DETAILED DESCRIPTION OF THE INVENTION 
[0022] Reference will now be made in detail to the 
preferred embodiments of the present invention, examples of 
which are illustrated in the accompanying drawings. Wherever 
possible, the same reference numbers will be used throughout 
the drawings to refer to the same or like parts. 

[0023] An apparatus and a method for recognizing biological 
named entity according to an embodiment of the present 
invention will be described referring to the accompanying 
drawings . 

[0024] FIG. 1 illustrates entire configuration of an 
apparatus for recognizing biological named entity from 
biological literature based on UMLS according to an embodiment 



of the present invention. 

[0025] As shown in FIG. 1, the apparatus for recognizing 
biological named entity according to an embodiment of the 
present invention includes a resource construction unit 10, a 
rule collection unit 20 and a named entity recognition unit 30. 
The resource construction unit 10 receives metathesaurus from 
the UMLS 11 and constructs a concept name database 12, a 
single name database 13 and a category keyterm database 14, 
which are language resources to be used to recognize named 
entities.
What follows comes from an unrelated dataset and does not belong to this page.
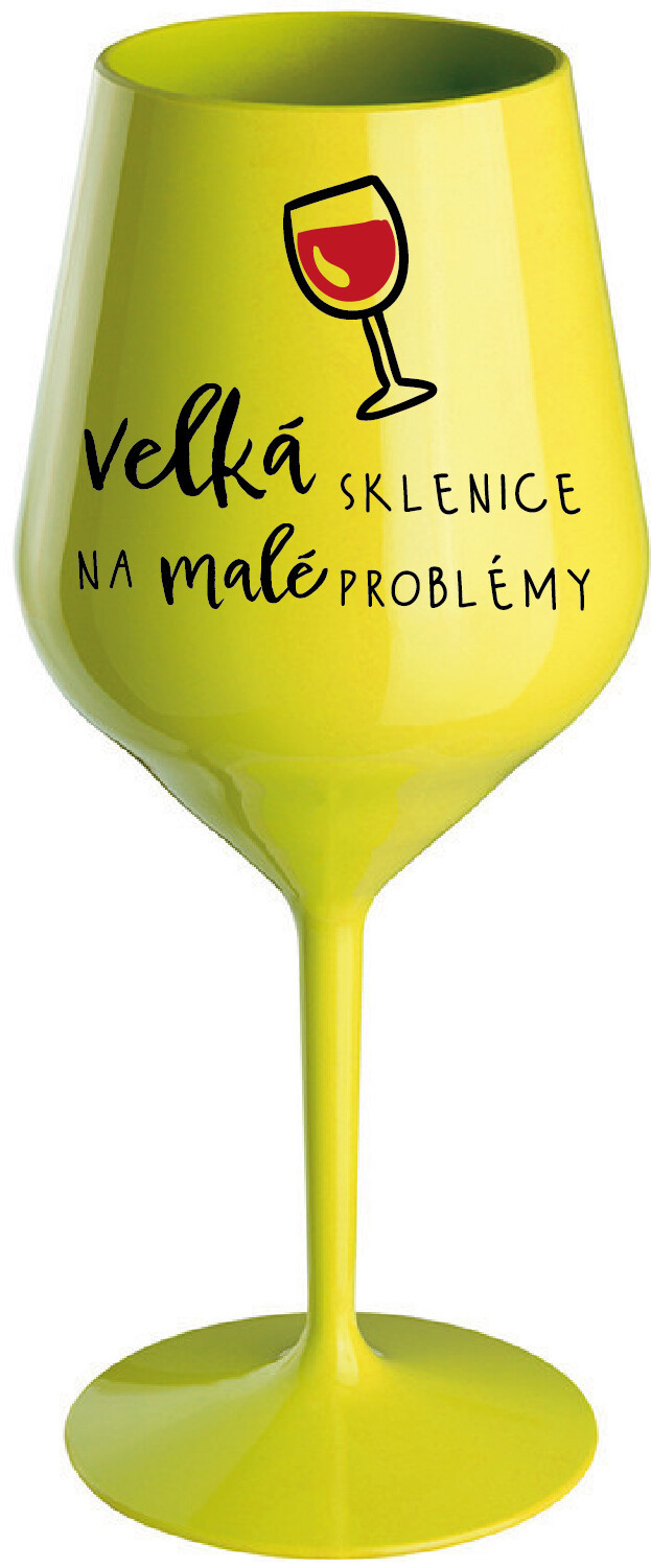 Nerozbitná žlutá vinná sklenice s motivem VELKÁ SKLENICE NA MALÉ PROBLÉMY je skvělá na zahradu, pláž, výlet, piknik a parádu udělá i při kempování. Jelikož je vyrobená z kvalitního polykarbonátu je de facto nerozbitná. Je to luxusní kousek, s nímž si víno můžete vychutnat prostě kdekoliv. Mají ergonomický tvar, který příjemně padne do ruky a protože je lehká, usnadňuje to její přenášení. Je snadno skladovatelná a lehce se čistí. Díky svému designu si s ní můžete vychutnat doopravdy kdekoliv bezproblémové pití výborného vína. Materiál PP. Vyrobené s láskou v ČR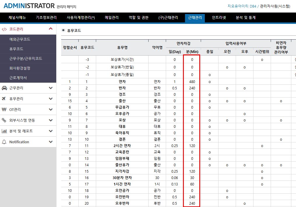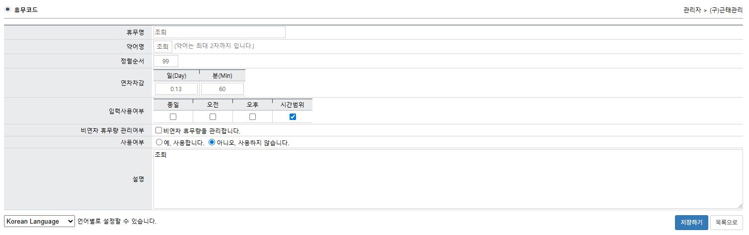 시간(분)단위 연차제도 업데이트 2022년도 4분기 2022-09-28 성경모 0 댓글 0 1670 INTRO 안녕하세요 지오유 그룹웨어 입니다. 최근 많은 회사에서 복지제도에 대한 규정 중, 반반차 제도를 도입하고 계신 곳이 많습니다. 연차, 반반차 제도라고 하면, 1일 8시간 근무자의 연차를 2시간 단위로 선택해서 사용하는 제도 입니다. 다시말해, 1일 8시간 근무시 반차는 1일의 반인 0.5일 반반차는 0.25로 계산을 하여 소숫점 연차로 사용가능 했었습니다. 그런데 최근 연차사용에 있어 유권해석이 확대되어 시간(분)단위 연차제도가 생겼습니다. 이에 대해 업데이트 된 내용을 안내해드리겠습니다. 1. 시간(분)단위 연차 사용에 대한 근거 근로기준법 제60조 (연차 유급휴가) ① 사용자는 1년간 80퍼센트 이상 출근한 근로자에게 15일의 유급휴가를 주어야 한다. 〈개정 2012. 2. 1.〉 ② 사용자는 계속하여 근로한 기간이 1년 미만인 근로자 또는 1년간 80퍼센트 미만 출근한 근로자에게 1개월 개근 시 1일의 유급휴가를 주어야 한다.〈개정 2012. 2. 1.〉 ③ 삭제 <2017. 11.28.〉 ④ 사용자는 3년 이상 계속하여 근로한 근로자에게는 제 1항에 따른 휴가에 최초 1년을 초과하는 계속 근로 연수 매 2년에 대하여 1일을 가산한 유급휴가를 주어야 한다. 이 경우 가산휴가를 포함한 총 휴가 일수는 25일을 한도로 한다. [참고 유권해석] 근기 68207-934, 2003-07-23 ...연·월차유급휴가는 근로제공의 의무를 면제하는 것이며, 원칙적으로 "일"단위로 부여해야 하나 당사자간 합의로 "일"의 일부를 분할하여 부여할수도 있을 것임... [참고 유권해석] 근로기준정책과-2431,2017-04-07 ...질의는 근로자가 청구할 경우 연차유급휴가를 시간단위로 사용할 수 있는지에 대하 것으로 보이는 바, 연차유급휴가는 근로제공의 의무를 면제하는 것이며 원칙적으로 "일" 단위로 부여해야 하나 당사자 간 합의로 “일"의 일부를 분할하여 부여할 수도 있을 것입니다... 2. 그룹웨어 변경사항 1) 휴가신청서 상신 화면 변경 전 변경 후 연차 시간(분)별 사용을 위해, 표기 단위가 일+소수점 형태에서, 'DHM(Day, Hour, Munute)' 형태로 변경되었습니다. 급증하는 조퇴, 외출 건의 시간(분)별 사용을 위해 소수점 사용으로는 제약 사항이 발생하게되어 개선되었습니다. 대표적인 사안으로 반차 사용시 '0.5 차감' 이라는 표식을 대체하여, 4h(4시간) 으로 표기됩니다. 반차의 경우, 회사별 점심시간 기준에 따라, '오전반차는 손해다 오후 반차가 더 길다..', '둘다 어차피 0.5로 차감될거 같음 오후 반차로 쉬는게 낫다.' 등의 폐해도 줄이기 위해, 시간(분)단위 연차로 규칙을 변경하시는 경우가 가장 많습니다. 외출, 조퇴 등의 시간범위 규칙을 정해두고 차감되게끔 운용도 가능합니다. 조퇴 개념을 없애고, 관리 편의성을 위해 명칭은 외출과 조퇴로 유지하되, 실질적인 시간(분) 단위 연차차감을 통해 처리하시는 경우가 많습니다. 세팅 방법은 아래 관리자 페이지 화면을 통해 안내드리겠습니다. 2) 관리자 페이지 52시간근태 - 휴무코드에 '분(Min)' 열이 새롭게 추가되었습니다. 기존 활용하고 계신 설정값들은 모두 '일(Day)' 에 그대로 입력되어 있고, 그 값에 맞게끔 분 단위로 치환된 데이터가 자동 입력되어 있습니다. 가장 많이 사용하시는 '연차를 소진하는 조퇴'의 설정 방법 예시를 안내드립니다. 조퇴를 클릭하셔서 들어가시면 연차차감시간 설정과 비연차 휴무량 관리, 해당 휴무 사용여부를 설정할 수 있습니다. 설정이 되었다면 상기 캡쳐와 같이 사용자들이 조퇴를 진행하고자 할때, 관리자가 제한한 시간범위로 동작하는 것을 확인 하실 수 있습니다. (15:30 선택 시, 18:00 자동선택) OUTRO 근로기준법에서는 단시간 근로자등 예외사유를 제외하고는 연차휴가를 '일' 단위로 부여하도록 명시하고 있습니다. 원칙적으로는 일 단위로 부여/정산을 하는 것이 근로기준법의 취지에 맞습니다. 하지만, 분/시간 단위 연차휴가 사용을 제한한 바는 없고, 근로자에게 보다 넓은 선택권이 부여되는 것으로 고용노동부의 해석이 부재한 상태입니다. 이는 회사의 규정에 따라 운영함이 맞으며 보다 넓은 선택 방식으로 업데이트 된 내용입니다. 이에 대해 노무관리의 안정성을 위해 연차휴가를 어떤 형태로 관리, 근로자에게 보상하는 가는 내부 취업 규칙과 사내 규정에 구체적으로 정해두는 것이 바람직 합니다.

The rule collection unit 20 receives each concept 
name stored in the concept name database 12, extracts a 
feature of each of the concept names by using data stored in 
the single name database and the category keyterm database, 
and constructs a rule database 21 by creating rules used to 
recognize the named entities and filtering the rule by using 
the extracted feature. The named entity recognition unit 3 0 
receives a biological literature through the literature input 
unit 31, extracts nouns and noun phrases that are candidate 
named entities from the input literature, applies the rules 
stored in the rule database 21 to the nouns and the noun 
phrases, and recognizes the named entities. 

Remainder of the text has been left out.